4

Those lines are based on a lowess fit of points I have.

I would like to be able to extrapolate those lines up to x=500 for instance. I would like to extend this plot and see if those lines reach a plateau or not.

Is there a way to do this ?

The CSV data for the blue line is here: http://db.tt/GHhAGLtM

enter image description here

The idea is fill this plot with extrapolated dashed lines. enter image description here

  • 8
    Extrapolation of a fitted curve is something one should only do very carefully. Your extrapolation is only as good as the model that you used to fit the curve in the first place. If you have a mechanistic model in mind (i.e. this is some natural world phenomenon and you can model it from sound theoretical principles) then you can do it. Otherwise here be dragons. If you want some more help, please describe in words what the data means. – Andrie Apr 25 '12 at 11:47
  • 6
    Voted off-topic as this is a statistics question and can hence be better asked at crossvalidated.com. Short answer: You can't extrapolate from a lowess curve, as that is a LOCAL regression. You need to use different models, and data that fits your curve perfectly or the uncertainty on the Y value at X=500 will be so large that you can't draw any conclusions. – Joris Meys Apr 25 '12 at 12:31
  • Flagged the question for moving it to crossvalidated.com. Some moderator will take care of it shortly, no need to repost the question there. – Joris Meys Apr 25 '12 at 12:32
  • To be honest I find your comments a bit harsh. I am trying to learn how I can extrapolate such curve with R. This is not a statistics question per-se. And you don't really have to know what the data means. In short I find your actions (closing this topic) completely outside the concept of stackoverlflow. –  Apr 25 '12 at 14:04
  • 8
    Sometimes the truth seems harsh. A local regression is as the name implies ... an estimate determined by the local data. You need theory if you want to extrapolate far beyond your data. lowess plots explicitly eschew theory. – DWin Apr 25 '12 at 14:08
  • @BenoitB. I'm not closing it, I'm merely moving it to a place where people will be able to help you more. And I'm very sorry, you cannot extrapolate a local regression model (see the comment of DWin). It says so explicitly in every text book on the topic. If you want to predict values WITHIN the X domain, use loess instead of lowess. loess has a predict function. If you use that to predict values outside the domain of X, get decent statistical advice. Which is why I direct you kindly to crossvalidated.com. – Joris Meys Apr 25 '12 at 15:50
  • Benoit B. has a valid question: he'd like to know how to do a specific task on a specific platform, rather than whether it makes sense to do his task. For that reason, the question should have stayed at stackoverflow. (I can think of some reasons to extrapolate a lowess fit - but 'predicting data' is not one of them!). The trouble is, I don't think it can be done in R. lowess() decides on a function to fit the data and then returns the fitted curve, but (as far as I can tell) no information about the function that generated the fit.
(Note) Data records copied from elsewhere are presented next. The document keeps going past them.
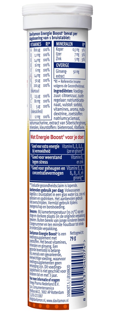 Davitamon Мультивитамины Energy Boost, 20 шипучих табл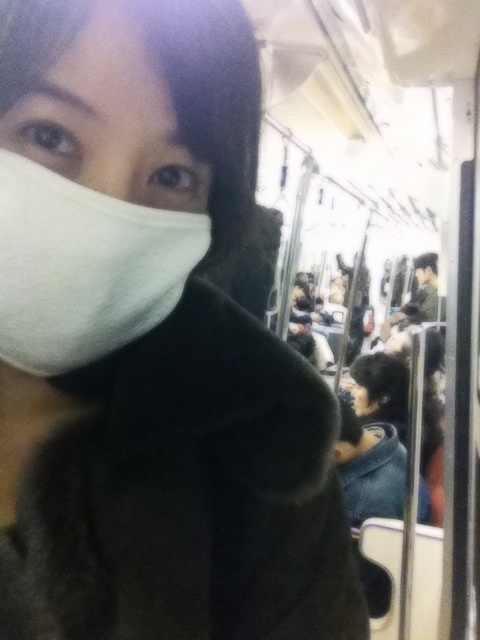 사진 속 김선아는 흰 색 마스크로 얼굴을 가린 채 지하철에서 사진을 찍고 있다. 얼굴이 반쯤 가려져 있어도 숨길 수 없는 미모가 인상적이다.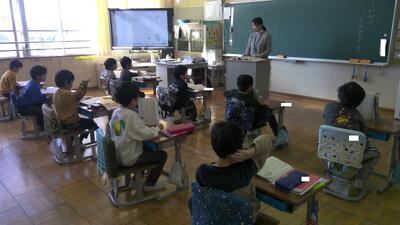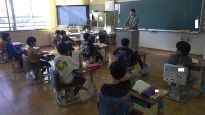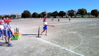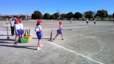 1年生は国語の学習「てがみで しらせよう」の本文の読み取りを、3年生は体育の学習「ティーボール」の中で、ボールを力強く打つ練習に取り組んでいました。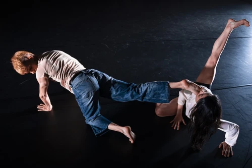 In una scena vuota, con fari quasi a terra e molte bottiglie d’acqua per improvvisare fontanelle e giochi da ragazzi voluttuosi, i quattro performer cominciano costruendo partiture soliste per dare vita poi a duetti, terzetti e quartetti. Soprattutto la magnetica presenza di Samira Cogliandro funziona da perno per l’intera coreografia. A volte la schiena, a volte i polpacci, a volte le mani o la bocca, sono parti di corpo su cui si costruisce il dialogo tra i performer che alternano relazioni a distanza a contact improvisation, senza però innescare mai un qualche tipo di narrazione esplicita o di rapporto più stringente. C’è armonia nel gruppo, ma anche differenze. Siamo nel tempo della giovinezza, ma due performer viaggiano dentro i vent’anni mentre la danzatrice e l’altro performer cavalcano felicemente i trent’anni. Anche questo contribuisce a creare dinamiche mobili di seduzione, di magistero, di attrazione.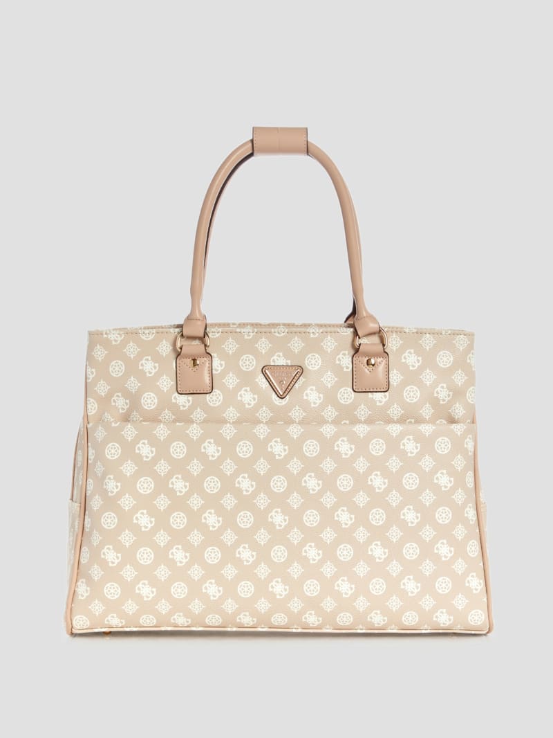 - Shiny gold-tone hardware and front signature triangle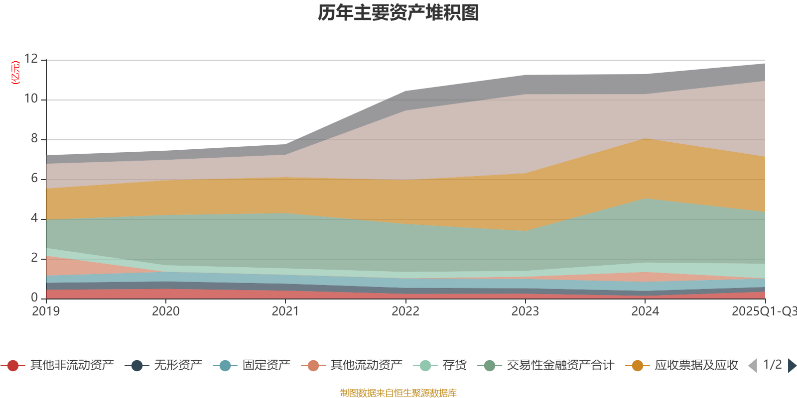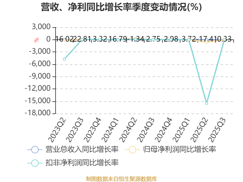 资产重大变化方面,截至2025年三季度末,公司货币资金较上年末增加71.33%,占公司总资产比重上升12.51个百分点;交易性金融资产合计较上年末减少19.1%,占公司总资产比重下降6.51个百分点;其他流动资产较上年末减少97.59%,占公司总资产比重下降4.29个百分点;应收票据及应收账款较上年末减少7.97%,占公司总资产比重下降3.25个百分点。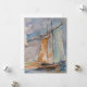 A sailboat with tall masts is depicted against a backdrop of a colorful, dynamic sky. Seagulls fly around, adding a sense of movement and freedom to the scene.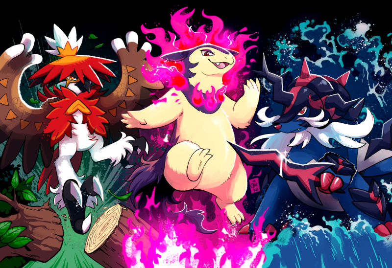 A premium luster print poster featuring Hisuian Decidueye, Hisuian Typhlosion, and Hisuian Samurott!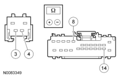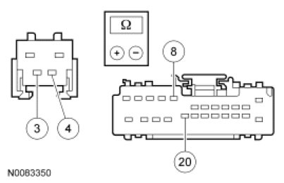 - Measure the voltage between driver seat front height motor C382-4, circuit VPS10 (BU/GN), harness side and ground; and between driver seat front height motor C382-3, circuit RPS13 (GN/OG), harness side and ground.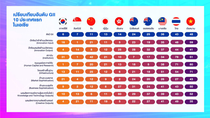 โดยในปีนี้ปัจจัยย่อยผลผลิตทางนวัตกรรม (Innovation output sub-index) อันดับที่ 44 (ดีขึ้น 2 อันดับ) ขณะที่ฝั่งปัจจัยเข้าทางนวัตกรรม (Innovation input sub-index) อันดับที่ 48 (ลดลง 1 อันดับ)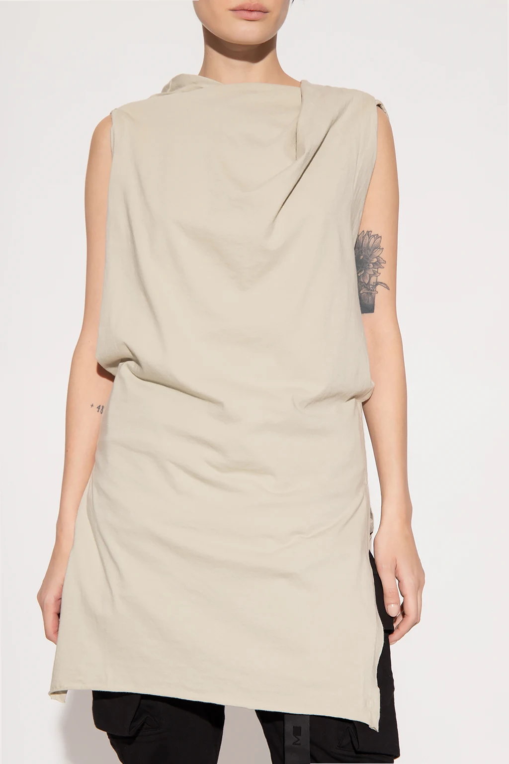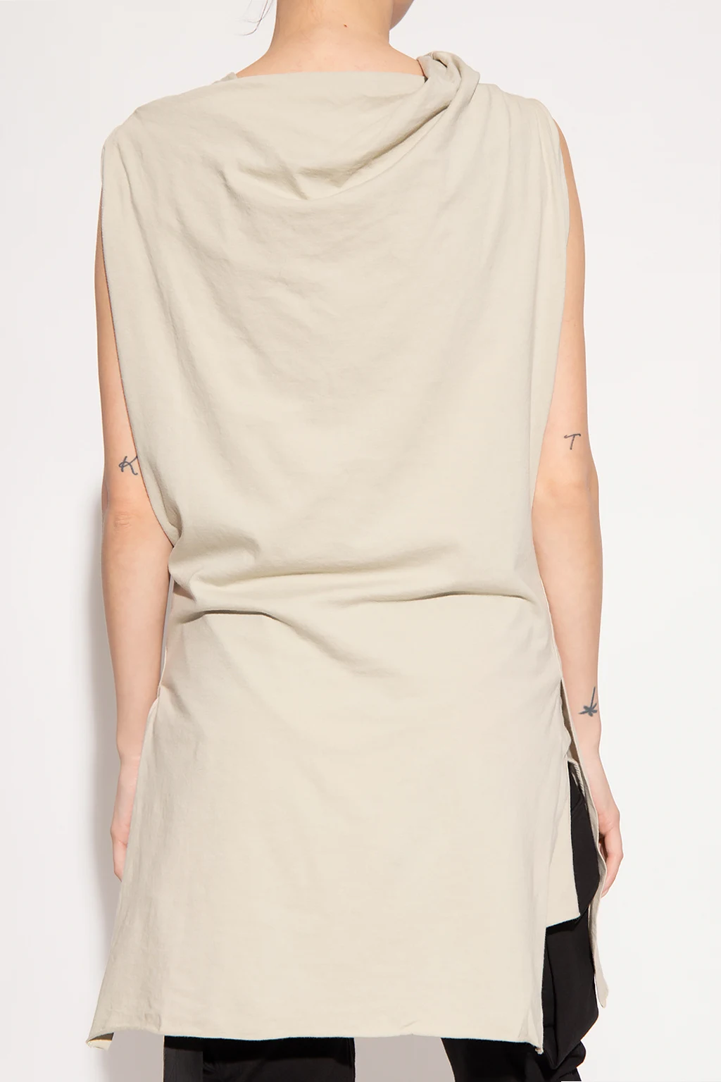 Beżowa sukienka bez rękawów Rick Owens DRKSHDW. Wykonana z bawełny. Dekoracyjne drapowanie. Na dole podwójne rozcięcie. Dekoracyjna aplikacja z logo w kolorze czarnym.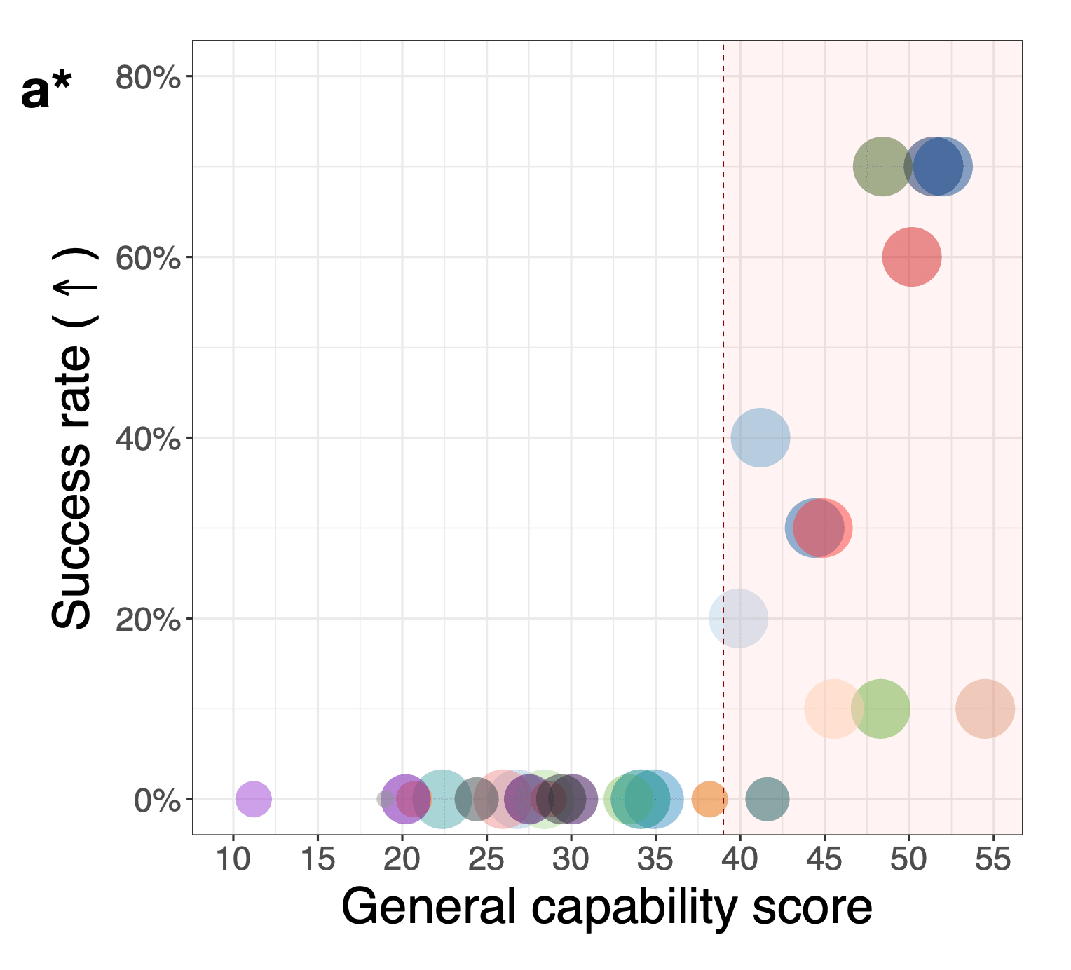 The percentage of successful attempts to replicate out of 10. The bubble size depends on the length of the model's context window (essentially the size of its short-term memory). General capability score is the number of points that the model receives when passing the LiveBench test (arXiv:2406.19314v1).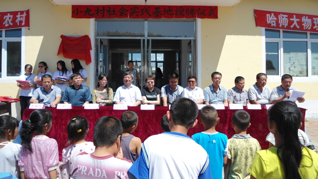 17日,乌吉密乡小九村社会实践基地授牌仪式举行。张立君代表志愿服务团队发表讲话,张喜田为实践基地授牌,乌吉密乡乡长田兆林代表实践基地和受助的乡民致谢。同时,学院领导为小九村小学捐赠文体用品,并于会后深入当地乡村进行实地考察。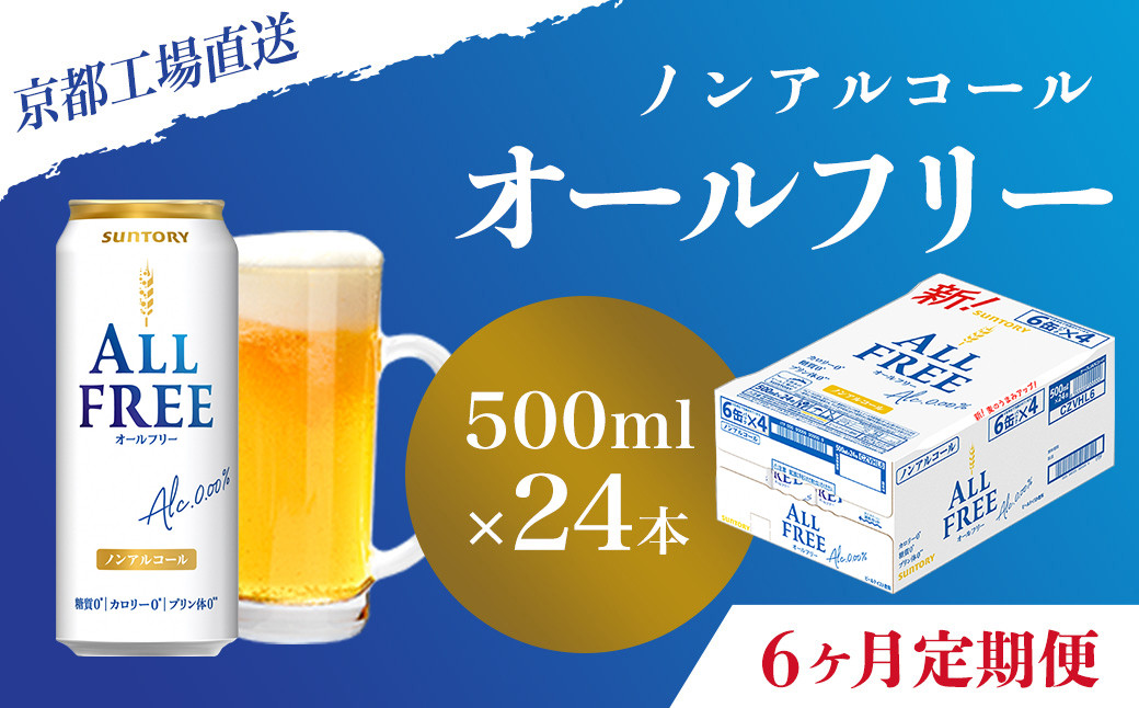 「ぐっとくるのどごし」と「キレの良い後味」 <6ヶ月定期便>【京都直送】<天然水のビール工場>京都産 オールフリー500ml×24本 計6回お届け ふるさと納税 定期便 6か月ノンアルコールビール サントリー ノンアルコール 工場 直送 天然水 健康意識 糖質 ゼロ 制限 京都府 長岡京市 NGAG14

Without the function, you can't extrapolate. – Drew Steen Apr 25 '12 at 16:39
  • Without additional information and assumptions, @Benoit, literally any function could justifiably be used to extrapolate your curves out to $x=500$. Thus, the answer to your question of how to use R for extrapolation is simply to plot any function R can compute in the range from $110$ to $500$. Now, if you would care to describe the data and the purpose of your curve-fitting exercise, then this stats community could provide some good advice for narrowing down your choices to a reasonable range. – whuber Apr 25 '12 at 16:49
  • Not sure if I understand the LOWESS function correctly, nor if this is the correct way to phrase this, but: Could you use a linear local regression, weighted by some function with infinite support and convergent tails (like the t-distribution with low df), such that outside the fitting domain, all the weights converged? Then I think the regression would converge to a global linear regression, which can be useful for extrapolation, but you'd still get the benefit of better interpolation. Not sure if the T distribution would be a suitable weighting function though.. – naught101 Dec 11 '18 at 04:36

3 Answers3

6

Curiously, I just addressed a similar question here, although that was in the context of a standard linear model, instead of loess. Reading that may give you some of the background ideas. I will take the substance of this question to pertain specifically to loess per se. The theory behind loess is to have a semi-parametric fit that yields a predicted value based only on a few nearby points, weighted by proximity. There is typically a bandwidth argument that gives the range of $x$ values that would be considered 'nearby' (although this may be determined automatically, or set by default). The weights on any existing data point outside this window will be 0. Moreover, whatever the bandwidth is set to, it will certainly not be wider than the width of your data set. Thus, the ideas behind loess absolutely preclude extrapolating a predicted value for $x=500$ from a loess fit based on data that range from [0,100]. Even beyond this however, the predicted value is the one generated when the window is centered on the $x$ value to be used for the prediction--other possible predicted values when that $x$ is within the window, but not in the exact center, are not used or given any weight. You can see how this leads to complications as the window moves towards the ends of the range of $x$; it is often considered that loess is less reliable at the extremes of your existing $x$ range. These facts should make it clear that loess, unfortunately, cannot be used for extrapolating. It is possible that a parametric model could, but my first reaction would be to be very wary even in that case (see my previous answer for a better feel for that). Sorry to be the bearer of bad news...

4

You can get a better feel for what the loess (lowess) algorythm does by running the loess.demo function from the TeachingDemos package then clicking on the plot to see the weights and window used to predict the curve at that point. This undestanding may help you to see why loess is unlikely to give anything meaningful with that much of an extrapolation.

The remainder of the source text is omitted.